Both signatures also discriminated cases of AD from other (non-AD) forms of cognitive impairment or dementia, with sensitivities and specificities >70% in the present sample. The differential diagnosis between AD and other forms of neurodegenerative disorders is another important application of CSF biomarkers, particularly addressing cases with mild symptoms or at early stages of the disease process. Studies have already demonstrated that CSF biomarkers discriminate well cases of frontotemporal dementia from AD [40], with estimates of diagnostic accuracy ranging from 93% to 99% [41]. On the other hand, studies addressing vascular dementia, dementia with Lewy bodies, and Parkinson's disease–related dementia failed to provide a clear diagnostic discrimination from AD [42], [43]. This limitation can be attributed in part to the difficulties in establishing accurate diagnoses based solely on clinical criteria, and to the fact that many cases may display mixed etiologies, particularly in the presence of vascular burden [44]. In our study, the best diagnostic accuracy was obtained using the Aβ1–42/P-tau ratio, which discriminated AD from other dementias with an SE of 85% and an SP of 71%. In a recently published clinicopathologic study using this combination of biomarkers (i.e., P-tau/Aβ1–42), Seeburger et al. [45] reported a similar SE value discriminating AD from other dementias. It is important to mention that the group of non-AD cognitively impaired patients in the present study comprised cases of non-AD neurodegenerative dementia and also cases of cognitive impairment or dementia secondary to major psychiatric disorders, largely represented by cases of geriatric major depression and late-life bipolar disorder.

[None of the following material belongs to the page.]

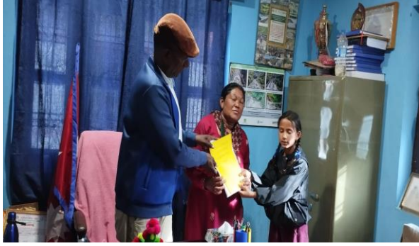
फोटो बाल भेलाबाट आएका सवाल पालिका अध्यक्षज्यूसँग पेस गर्दै ।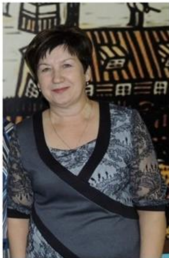
Л. Демченко - художественная обработка ткани

A limitation of our study is the relatively small sample size as compared with those used by large-scale multicentric studies, and the small number of cases of dementia due to other (non-AD) etiologies. Nonetheless, we included an important subsample of patients with cognitive impairment associated with primary psychiatric disorders, namely geriatric depression and late-life bipolar disorder. We understand that these are highly prevalent conditions at psychogeriatric services, which invariably present with cognitive symptoms that require diagnostic and prognostic elucidation. We also acknowledge that lumbar puncture is an invasive/aversive method that may render a proportion of older patients or their relatives prone to reject the procedure; nonetheless, available evidence supports its safe use in the diagnostic workup of cognitive impairment [46]. In the present study, we observed a very low incidence of complications related to lumbar puncture (2% of adverse events of any kind), including back pain (1%), headache (0.8%), and dizziness (0.7%). In all cases, complaints were mild, transient, and benign, except for one case requiring blood patch with full recovery. Participants in the AD group were less educated, although this difference did not reach statistical significance. This may be in part explained by the fact that poor education is a risk factor for dementia. This source of bias is common in studies conducted in developing countries such as ours, where social inequalities strongly impact on the access to education, which requires that this source of bias be treated statistically, in addition to using cognitive tests with cutoff scores adjusted for educational level.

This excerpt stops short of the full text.